--- EXTRACTED MATERIAL Enclosed Below ---
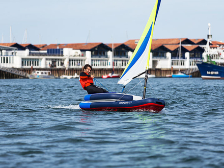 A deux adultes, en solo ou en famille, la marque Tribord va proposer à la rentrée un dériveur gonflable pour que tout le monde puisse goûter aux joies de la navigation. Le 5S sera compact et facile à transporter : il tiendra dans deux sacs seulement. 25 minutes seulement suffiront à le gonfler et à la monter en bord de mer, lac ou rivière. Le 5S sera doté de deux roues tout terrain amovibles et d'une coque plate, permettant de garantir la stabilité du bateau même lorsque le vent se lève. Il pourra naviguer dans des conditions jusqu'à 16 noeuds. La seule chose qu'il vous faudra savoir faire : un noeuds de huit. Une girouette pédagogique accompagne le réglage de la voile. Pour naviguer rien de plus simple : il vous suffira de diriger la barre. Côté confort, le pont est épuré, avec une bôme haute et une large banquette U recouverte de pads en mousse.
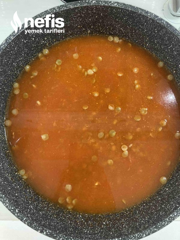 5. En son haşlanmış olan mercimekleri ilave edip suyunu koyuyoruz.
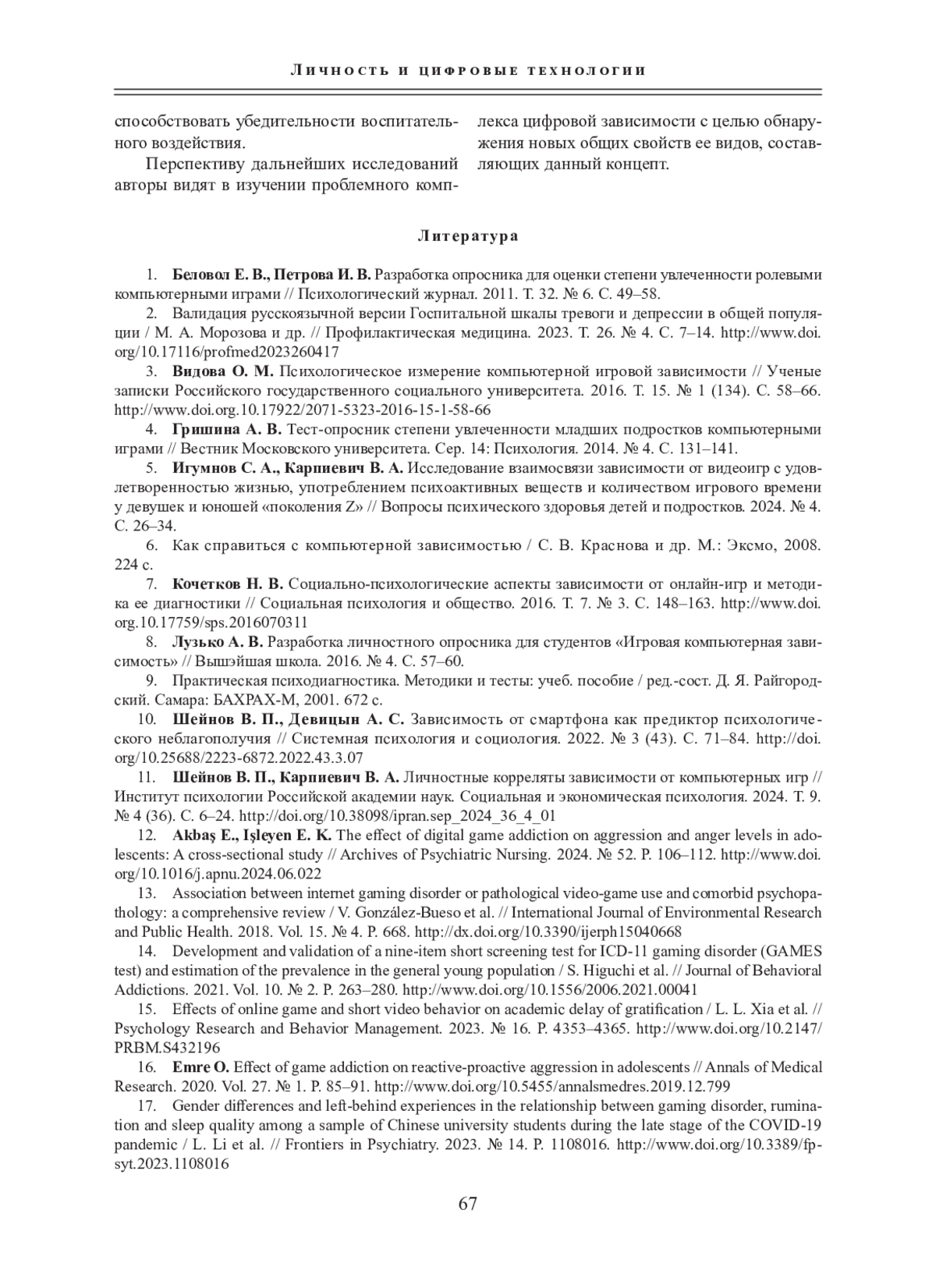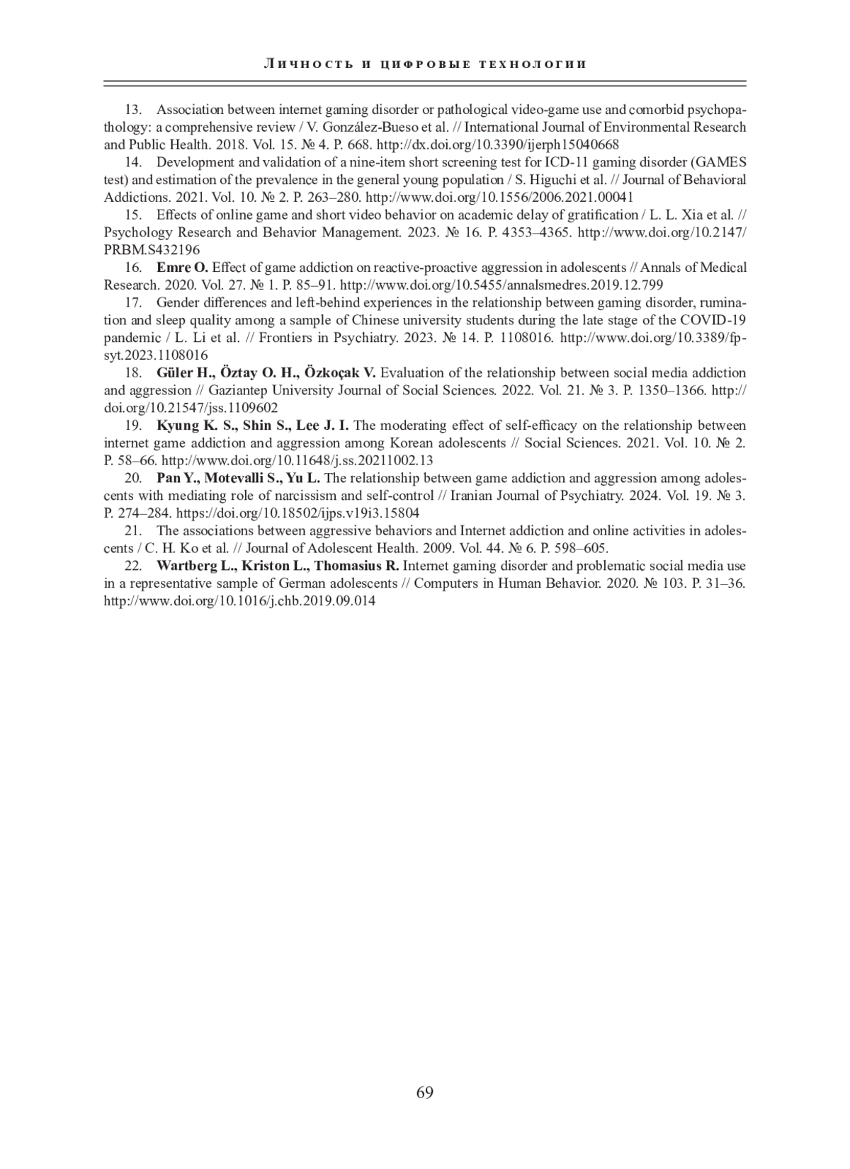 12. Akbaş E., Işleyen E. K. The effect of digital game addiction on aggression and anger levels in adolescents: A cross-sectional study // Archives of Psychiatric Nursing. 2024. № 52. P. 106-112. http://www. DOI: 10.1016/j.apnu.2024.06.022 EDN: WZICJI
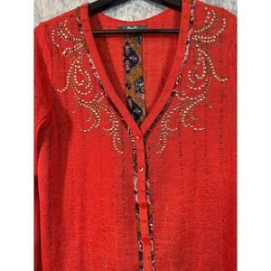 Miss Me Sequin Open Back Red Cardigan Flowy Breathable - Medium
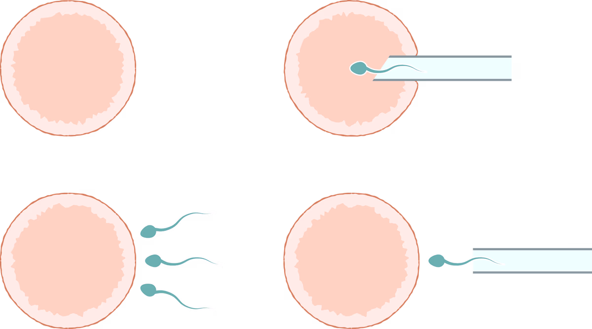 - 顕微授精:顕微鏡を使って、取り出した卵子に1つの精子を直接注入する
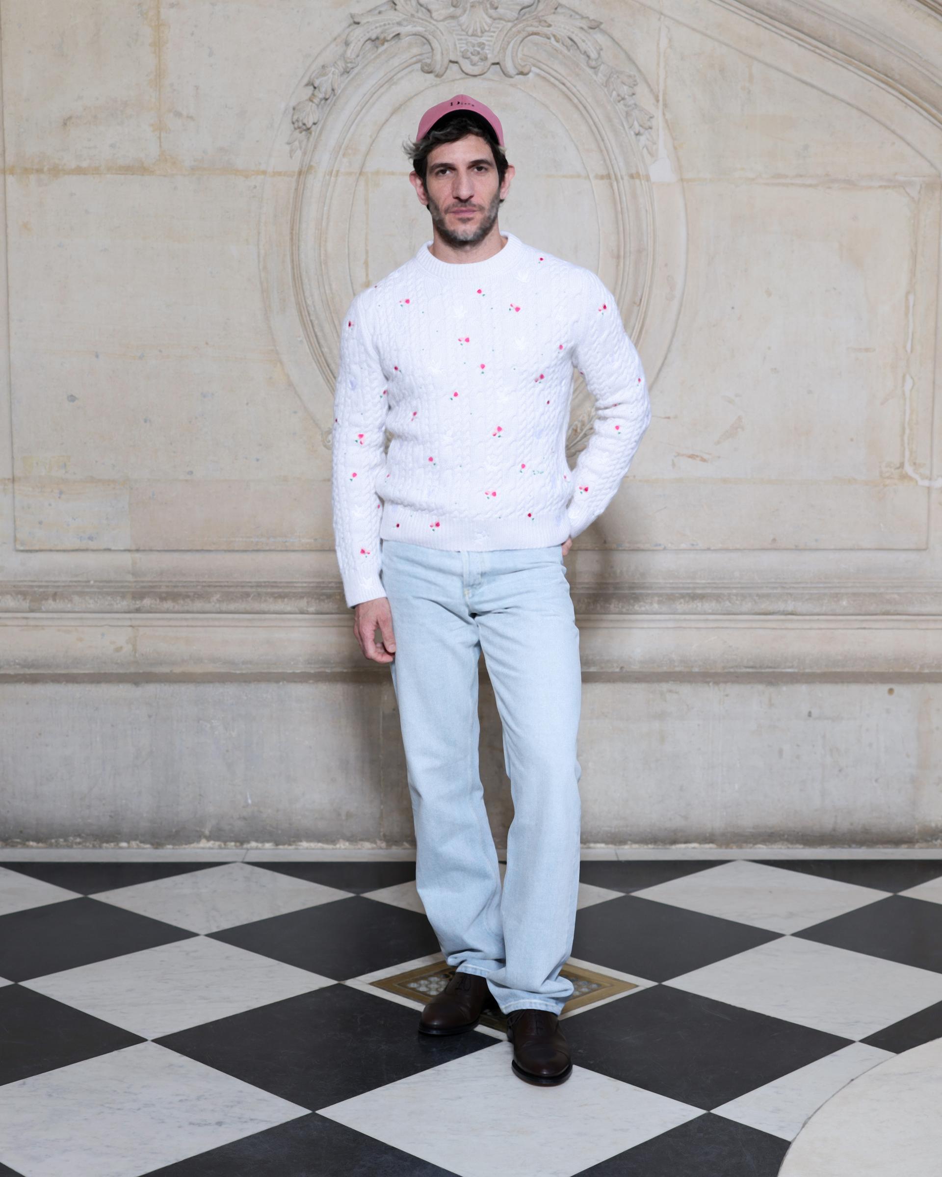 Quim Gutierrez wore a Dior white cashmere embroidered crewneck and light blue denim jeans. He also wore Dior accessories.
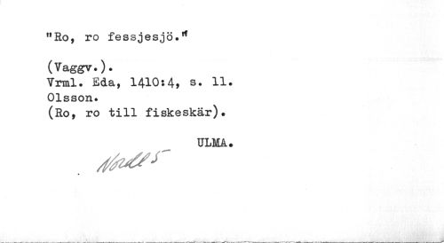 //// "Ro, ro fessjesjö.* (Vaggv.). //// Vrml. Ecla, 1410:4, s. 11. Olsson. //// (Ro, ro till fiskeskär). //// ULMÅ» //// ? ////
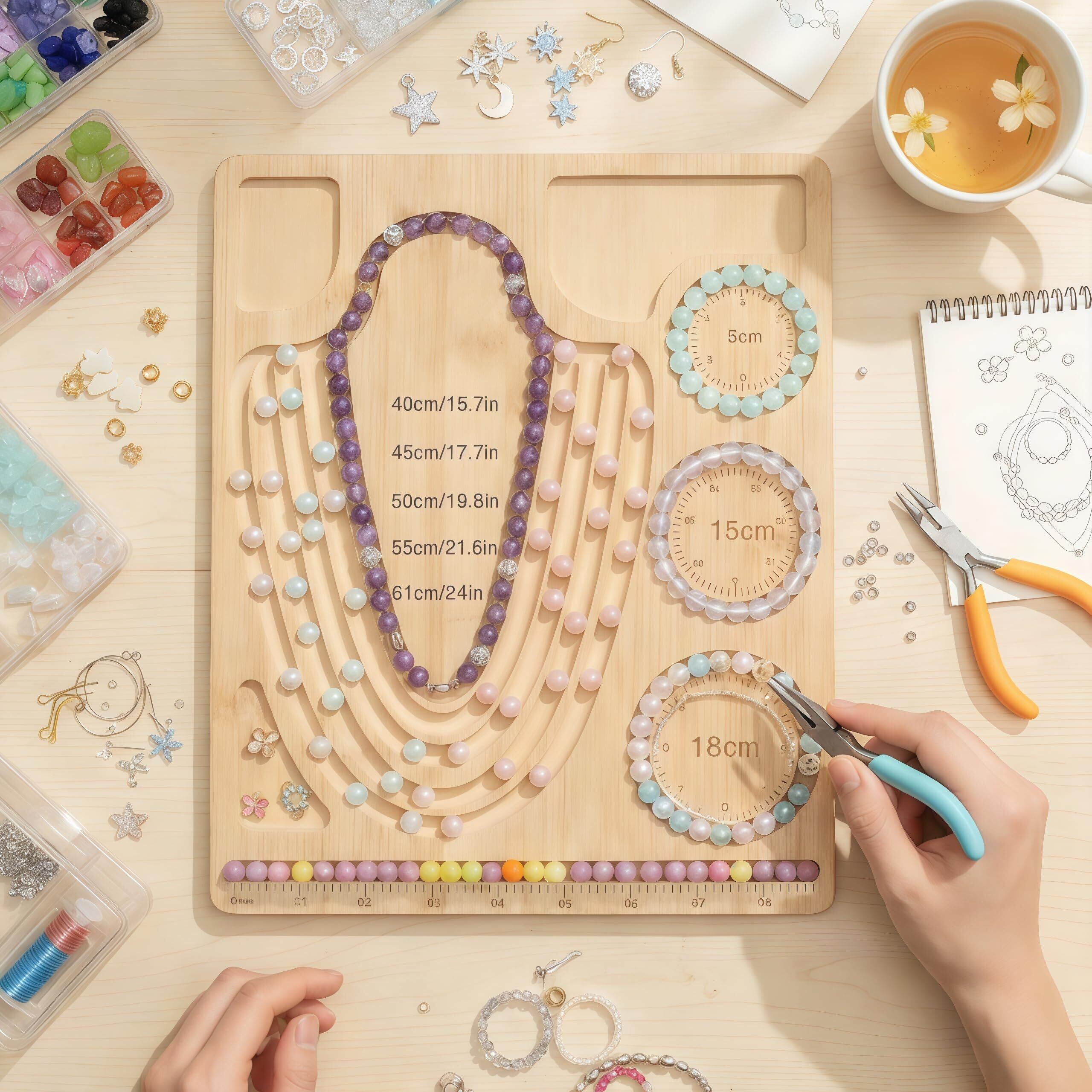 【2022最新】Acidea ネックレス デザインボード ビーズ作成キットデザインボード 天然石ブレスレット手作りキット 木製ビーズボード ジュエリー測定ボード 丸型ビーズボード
--- End of Enclosed EXTRACTED MATERIAL ---
Set down the material once more, exactly, with the pictures omitted.

**WRITTEN ANSWER:**
 A deux adultes, en solo ou en famille, la marque Tribord va proposer à la rentrée un dériveur gonflable pour que tout le monde puisse goûter aux joies de la navigation. Le 5S sera compact et facile à transporter : il tiendra dans deux sacs seulement. 25 minutes seulement suffiront à le gonfler et à la monter en bord de mer, lac ou rivière. Le 5S sera doté de deux roues tout terrain amovibles et d'une coque plate, permettant de garantir la stabilité du bateau même lorsque le vent se lève. Il pourra naviguer dans des conditions jusqu'à 16 noeuds. La seule chose qu'il vous faudra savoir faire : un noeuds de huit. Une girouette pédagogique accompagne le réglage de la voile. Pour naviguer rien de plus simple : il vous suffira de diriger la barre. Côté confort, le pont est épuré, avec une bôme haute et une large banquette U recouverte de pads en mousse.
 5. En son haşlanmış olan mercimekleri ilave edip suyunu koyuyoruz.
 12. Akbaş E., Işleyen E. K. The effect of digital game addiction on aggression and anger levels in adolescents: A cross-sectional study // Archives of Psychiatric Nursing. 2024. № 52. P. 106-112. http://www. DOI: 10.1016/j.apnu.2024.06.022 EDN: WZICJI
 Miss Me Sequin Open Back Red Cardigan Flowy Breathable - Medium
 - 顕微授精:顕微鏡を使って、取り出した卵子に1つの精子を直接注入する
 Quim Gutierrez wore a Dior white cashmere embroidered crewneck and light blue denim jeans. He also wore Dior accessories.
 //// "Ro, ro fessjesjö.* (Vaggv.). //// Vrml. Ecla, 1410:4, s. 11. Olsson. //// (Ro, ro till fiskeskär). //// ULMÅ» //// ? ////
 【2022最新】Acidea ネックレス デザインボード ビーズ作成キットデザインボード 天然石ブレスレット手作りキット 木製ビーズボード ジュエリー測定ボード 丸型ビーズボード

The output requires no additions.